Reset
There are periods of time where things begin to fall apart. Your children forget or lose too many things. Perhaps your spouse or partner reverts back to an old bad habit (cultivated during a previous relationship and you have to remind this person that you are indeed a reasonable person and do not look for opportunities to blame others). You try to take your trusted canine jogging partner out and he does not want to go (seriously, first time Cooper chose to stay home… may make him some rice tonight in case he doesn’t feel good. But it was easier to not hold onto a leash while jogging so perhaps not the wisest choice on his part).
Or perhaps you need to detox from the alcohol and carbs you enjoyed a bit too much while on vacation. (Too many delicious fruity tropical drinks and Belizean fry jacks which are the most amazing puff pastry… similar to beignets without the powdered sugar and a delicious accompaniment to eggs or refried beans or any breakfast food.) And the kid who is now back at college in need of after sun skin care (we both got burned the last day while snorkeling) and is also caught up in the what if discussions of possible cancelled or online classes to finish out the semester.

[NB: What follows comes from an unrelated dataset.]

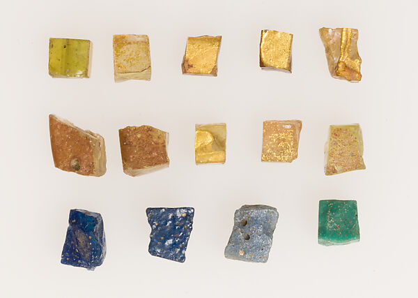 - Dimensions: Various sizes-largest tessera: 3/8 x 1/4 x 3/16 in. (1 x 0.7 x 0.5 cm)
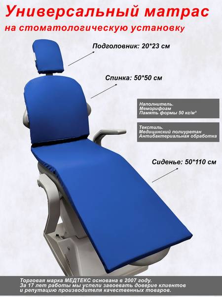 Keywords: dental mattress, dental chair mattress, memory foam mattress, dental chair protector, dental equipment, dental supplies, memory foam, Russian-made dental mattress, comfortable dental mattress, MEDTEX, 50x183cm mattress, dental chair cover, patient comfort, dental practice supplies, 50kg/m3 memory foam, dental upholstery protection.

No one wants to miss out on the social side of college life and the thought of having to move back home and participate in online anything sounds horrific. It is difficult to explain understand appreciate that this is a blip on the life screen and no matter what, it will be ok. And then there’s the laundry.
Post vacation is perhaps an easy targeted point in time during which a reset is needed. To adjust readjust to life and routine and sleep and nutrition. I find it easier the faster I put those processes in place to move back to my familiar. It also gives me a chance to look at any bad habits I have picked up along the way and readjust. Consider my personal goals family projects health happiness, and make a plan to achieve them or at least move in a more positive direction.
When younger, these plans would be hyper drive mode of wanting to achieve things check the boxes as quickly as possible. With age comes some wisdom. And while my brain wanted to do 4 miles today, perhaps to combat the results of too many carbs and sugar, my body cried out that 2 would be more reasonable. And while I felt sluggish at the beginning, I was happily sated and not in any pain. And I was able to shrug off some of the travel funk. All is good and it is perfectly acceptable to slowly readjust and give myself a bit of time to acclimate. (This is what my 51 year old body keeps telling my youthful inner voice.)
As I move along my life path, I have become more patient with myself. I no longer absolutely unequivocally require everything to be accomplished set in stone same day delivery. I try to be a bit more reflective introspective and respectful of time and duration of other processes.
I will visit my mom tomorrow. J.P.’s consistent visits with her while I was away definitely make things easier less guilty for me. But I needed a couple of days to recover and build my strength. For it is always tough difficult heart wrenching to walk into that place. Sensory overload and not in a good way.
But I have the sun and sensations of flying through the air, climbing walls of rock to observe ancient Mayan ruins, feeling alive.
I will try to carry that with me as we discuss review and begin our reset. To strive to be better versions of ourselves. To try to be better people for the ones we love. To try. For that is all we can do. And that is everything.
(Picture taken during one of my favorite resets… climbing Gros Piton in St Lucia. Hiking is my favorite medicine.)